------ Given records ------
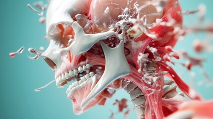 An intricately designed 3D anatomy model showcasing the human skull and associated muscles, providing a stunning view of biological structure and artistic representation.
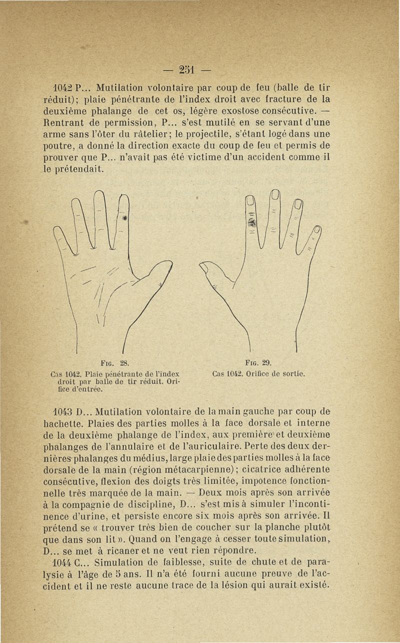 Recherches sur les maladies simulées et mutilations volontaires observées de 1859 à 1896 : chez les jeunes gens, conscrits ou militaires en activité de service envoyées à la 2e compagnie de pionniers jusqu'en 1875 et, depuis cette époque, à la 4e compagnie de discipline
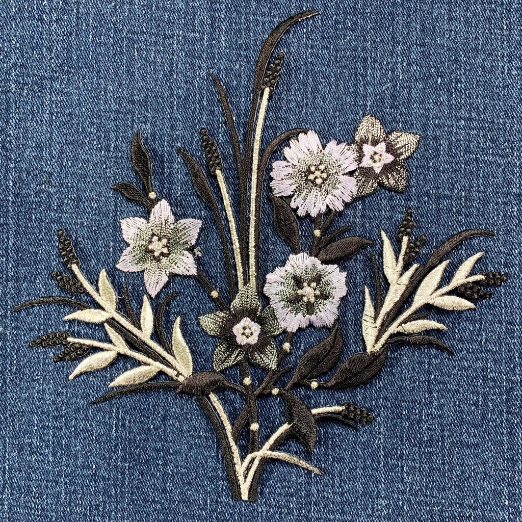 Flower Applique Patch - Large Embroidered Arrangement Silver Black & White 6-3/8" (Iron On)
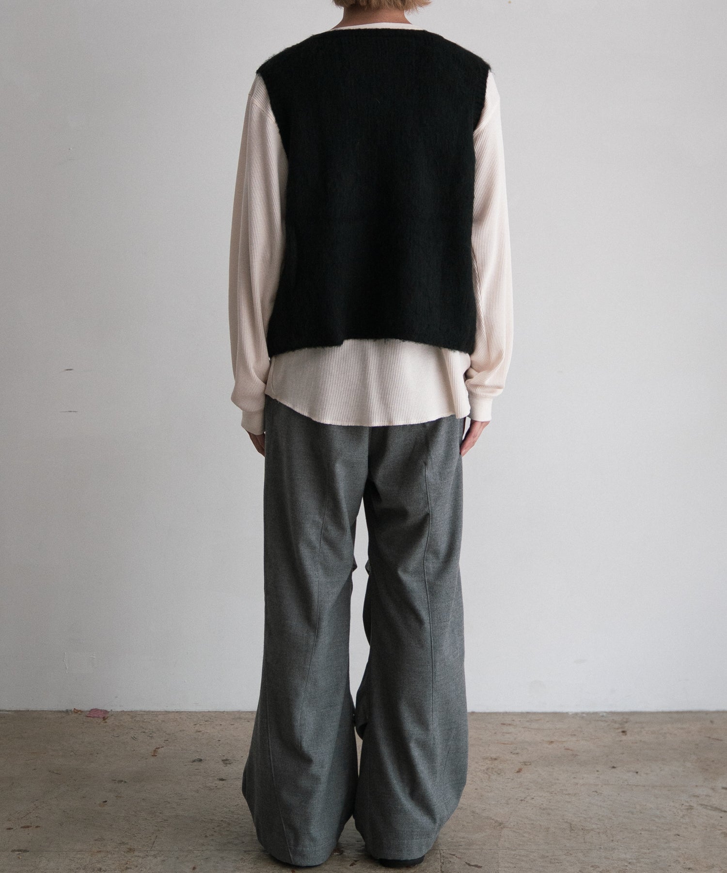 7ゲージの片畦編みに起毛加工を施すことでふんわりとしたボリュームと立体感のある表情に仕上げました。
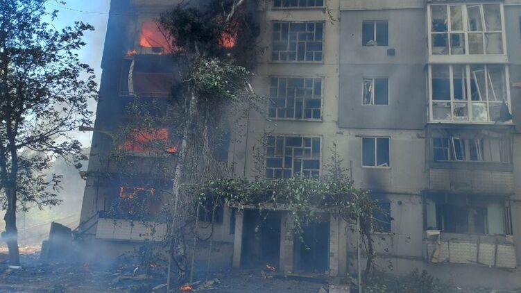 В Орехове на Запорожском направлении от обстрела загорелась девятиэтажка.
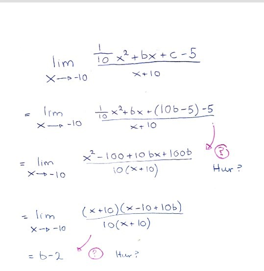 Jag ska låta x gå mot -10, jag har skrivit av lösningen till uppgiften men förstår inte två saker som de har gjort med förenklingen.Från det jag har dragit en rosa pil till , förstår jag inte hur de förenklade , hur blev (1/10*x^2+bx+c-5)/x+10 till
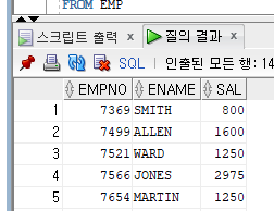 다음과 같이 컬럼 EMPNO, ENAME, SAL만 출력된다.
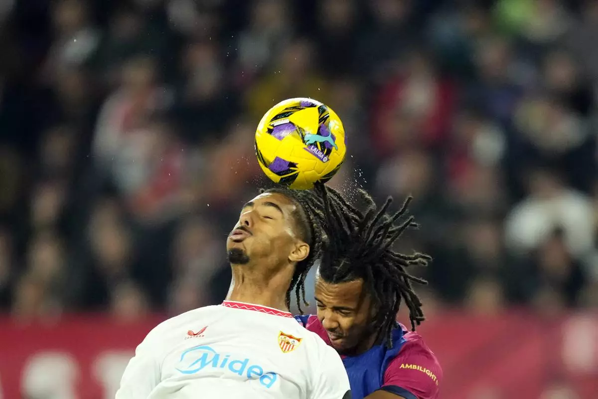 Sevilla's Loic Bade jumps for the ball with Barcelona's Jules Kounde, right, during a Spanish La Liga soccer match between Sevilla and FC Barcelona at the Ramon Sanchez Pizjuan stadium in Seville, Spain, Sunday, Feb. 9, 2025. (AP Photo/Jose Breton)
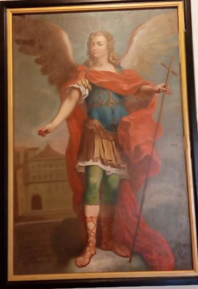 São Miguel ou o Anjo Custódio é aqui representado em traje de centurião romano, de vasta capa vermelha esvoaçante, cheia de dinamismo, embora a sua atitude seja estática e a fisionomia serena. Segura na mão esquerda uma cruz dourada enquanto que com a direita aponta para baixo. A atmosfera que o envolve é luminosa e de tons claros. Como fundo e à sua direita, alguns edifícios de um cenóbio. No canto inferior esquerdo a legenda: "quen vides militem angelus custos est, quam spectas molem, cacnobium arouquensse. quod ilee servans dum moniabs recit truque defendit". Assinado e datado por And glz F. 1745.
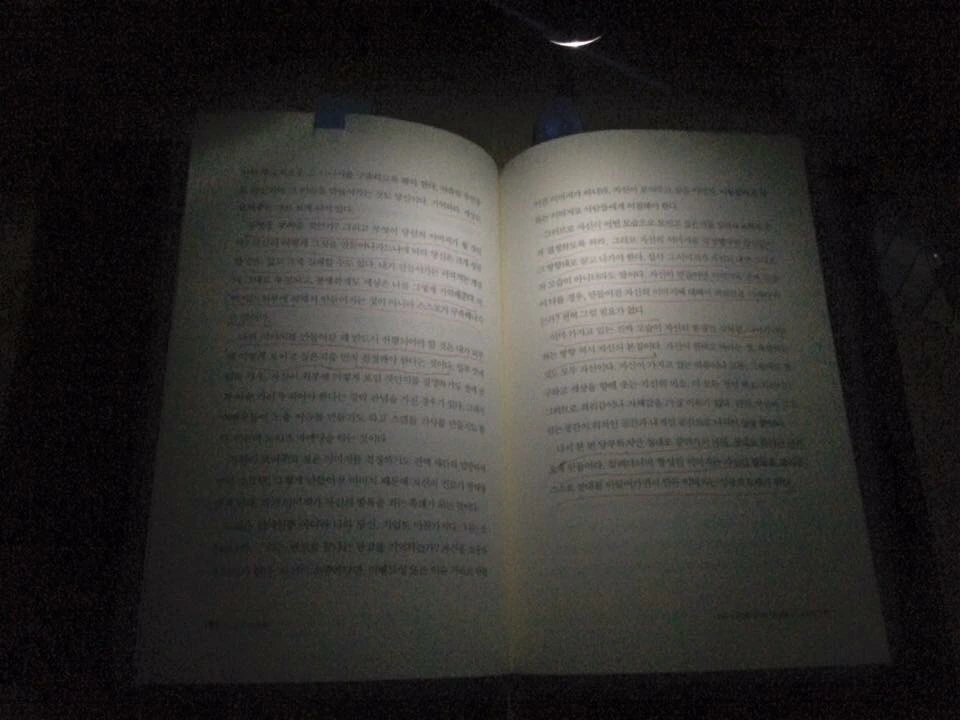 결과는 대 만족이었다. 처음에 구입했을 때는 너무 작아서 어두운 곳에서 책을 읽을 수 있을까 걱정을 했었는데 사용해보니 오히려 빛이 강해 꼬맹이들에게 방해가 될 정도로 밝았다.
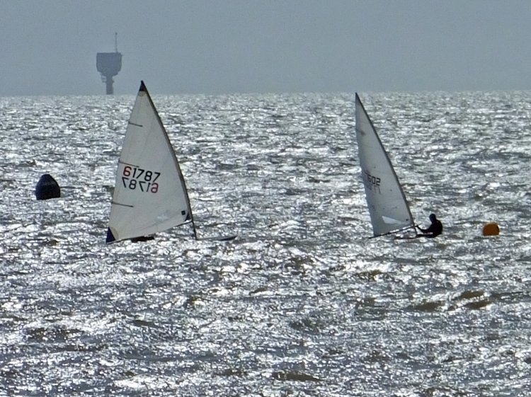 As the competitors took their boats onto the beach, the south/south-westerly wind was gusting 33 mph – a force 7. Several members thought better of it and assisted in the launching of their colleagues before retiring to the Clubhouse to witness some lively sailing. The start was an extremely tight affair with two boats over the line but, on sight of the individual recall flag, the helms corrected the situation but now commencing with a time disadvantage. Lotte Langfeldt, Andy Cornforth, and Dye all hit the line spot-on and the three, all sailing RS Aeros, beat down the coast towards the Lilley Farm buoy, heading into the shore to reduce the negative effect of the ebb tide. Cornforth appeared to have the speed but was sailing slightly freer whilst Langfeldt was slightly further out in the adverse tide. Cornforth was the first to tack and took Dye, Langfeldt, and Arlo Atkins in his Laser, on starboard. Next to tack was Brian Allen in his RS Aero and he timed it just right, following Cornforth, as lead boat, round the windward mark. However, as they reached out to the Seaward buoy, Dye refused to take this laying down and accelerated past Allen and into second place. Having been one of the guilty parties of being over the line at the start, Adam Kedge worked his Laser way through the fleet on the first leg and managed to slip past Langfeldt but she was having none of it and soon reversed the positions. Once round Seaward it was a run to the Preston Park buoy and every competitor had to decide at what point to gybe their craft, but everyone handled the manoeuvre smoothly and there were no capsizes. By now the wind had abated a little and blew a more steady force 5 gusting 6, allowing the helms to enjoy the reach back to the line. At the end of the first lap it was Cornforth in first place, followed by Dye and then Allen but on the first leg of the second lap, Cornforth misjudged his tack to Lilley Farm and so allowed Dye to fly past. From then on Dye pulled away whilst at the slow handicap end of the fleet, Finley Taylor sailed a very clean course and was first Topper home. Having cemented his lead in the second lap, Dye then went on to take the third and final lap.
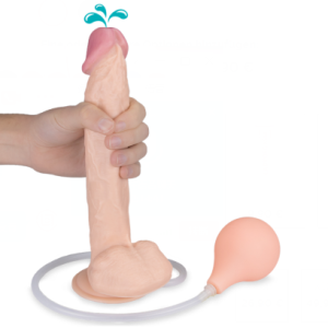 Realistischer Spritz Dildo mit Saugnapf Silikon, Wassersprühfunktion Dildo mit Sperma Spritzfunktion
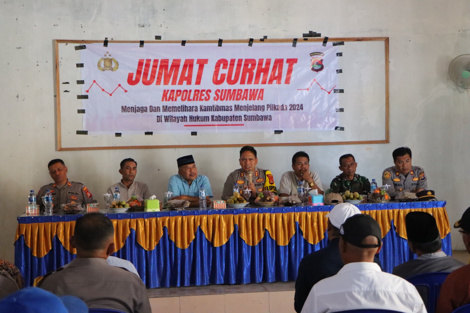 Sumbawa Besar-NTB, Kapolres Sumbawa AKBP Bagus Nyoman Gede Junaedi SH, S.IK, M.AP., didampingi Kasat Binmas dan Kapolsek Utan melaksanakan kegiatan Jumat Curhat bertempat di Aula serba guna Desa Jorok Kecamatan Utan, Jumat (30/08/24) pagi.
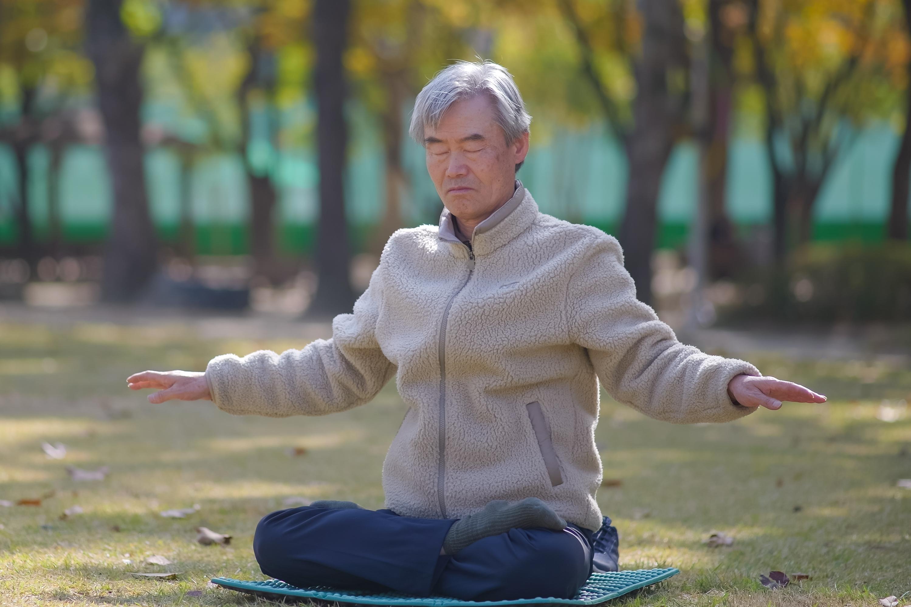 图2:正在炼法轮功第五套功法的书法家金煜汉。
------
> [Exercise objective]
In the copy, no picture may appear; the records themselves must be output exactly.

> [Result]
 An intricately designed 3D anatomy model showcasing the human skull and associated muscles, providing a stunning view of biological structure and artistic representation.
 Recherches sur les maladies simulées et mutilations volontaires observées de 1859 à 1896 : chez les jeunes gens, conscrits ou militaires en activité de service envoyées à la 2e compagnie de pionniers jusqu'en 1875 et, depuis cette époque, à la 4e compagnie de discipline
 Flower Applique Patch - Large Embroidered Arrangement Silver Black & White 6-3/8" (Iron On)
 7ゲージの片畦編みに起毛加工を施すことでふんわりとしたボリュームと立体感のある表情に仕上げました。
 В Орехове на Запорожском направлении от обстрела загорелась девятиэтажка.
 Jag ska låta x gå mot -10, jag har skrivit av lösningen till uppgiften men förstår inte två saker som de har gjort med förenklingen.Från det jag har dragit en rosa pil till , förstår jag inte hur de förenklade , hur blev (1/10*x^2+bx+c-5)/x+10 till
 다음과 같이 컬럼 EMPNO, ENAME, SAL만 출력된다.
 Sevilla's Loic Bade jumps for the ball with Barcelona's Jules Kounde, right, during a Spanish La Liga soccer match between Sevilla and FC Barcelona at the Ramon Sanchez Pizjuan stadium in Seville, Spain, Sunday, Feb. 9, 2025. (AP Photo/Jose Breton)
 São Miguel ou o Anjo Custódio é aqui representado em traje de centurião romano, de vasta capa vermelha esvoaçante, cheia de dinamismo, embora a sua atitude seja estática e a fisionomia serena. Segura na mão esquerda uma cruz dourada enquanto que com a direita aponta para baixo. A atmosfera que o envolve é luminosa e de tons claros. Como fundo e à sua direita, alguns edifícios de um cenóbio. No canto inferior esquerdo a legenda: "quen vides militem angelus custos est, quam spectas molem, cacnobium arouquensse. quod ilee servans dum moniabs recit truque defendit". Assinado e datado por And glz F. 1745.
 결과는 대 만족이었다. 처음에 구입했을 때는 너무 작아서 어두운 곳에서 책을 읽을 수 있을까 걱정을 했었는데 사용해보니 오히려 빛이 강해 꼬맹이들에게 방해가 될 정도로 밝았다.
 As the competitors took their boats onto the beach, the south/south-westerly wind was gusting 33 mph – a force 7. Several members thought better of it and assisted in the launching of their colleagues before retiring to the Clubhouse to witness some lively sailing. The start was an extremely tight affair with two boats over the line but, on sight of the individual recall flag, the helms corrected the situation but now commencing with a time disadvantage. Lotte Langfeldt, Andy Cornforth, and Dye all hit the line spot-on and the three, all sailing RS Aeros, beat down the coast towards the Lilley Farm buoy, heading into the shore to reduce the negative effect of the ebb tide. Cornforth appeared to have the speed but was sailing slightly freer whilst Langfeldt was slightly further out in the adverse tide. Cornforth was the first to tack and took Dye, Langfeldt, and Arlo Atkins in his Laser, on starboard. Next to tack was Brian Allen in his RS Aero and he timed it just right, following Cornforth, as lead boat, round the windward mark. However, as they reached out to the Seaward buoy, Dye refused to take this laying down and accelerated past Allen and into second place. Having been one of the guilty parties of being over the line at the start, Adam Kedge worked his Laser way through the fleet on the first leg and managed to slip past Langfeldt but she was having none of it and soon reversed the positions. Once round Seaward it was a run to the Preston Park buoy and every competitor had to decide at what point to gybe their craft, but everyone handled the manoeuvre smoothly and there were no capsizes. By now the wind had abated a little and blew a more steady force 5 gusting 6, allowing the helms to enjoy the reach back to the line. At the end of the first lap it was Cornforth in first place, followed by Dye and then Allen but on the first leg of the second lap, Cornforth misjudged his tack to Lilley Farm and so allowed Dye to fly past. From then on Dye pulled away whilst at the slow handicap end of the fleet, Finley Taylor sailed a very clean course and was first Topper home. Having cemented his lead in the second lap, Dye then went on to take the third and final lap.
 Realistischer Spritz Dildo mit Saugnapf Silikon, Wassersprühfunktion Dildo mit Sperma Spritzfunktion
 Sumbawa Besar-NTB, Kapolres Sumbawa AKBP Bagus Nyoman Gede Junaedi SH, S.IK, M.AP., didampingi Kasat Binmas dan Kapolsek Utan melaksanakan kegiatan Jumat Curhat bertempat di Aula serba guna Desa Jorok Kecamatan Utan, Jumat (30/08/24) pagi.
 图2:正在炼法轮功第五套功法的书法家金煜汉。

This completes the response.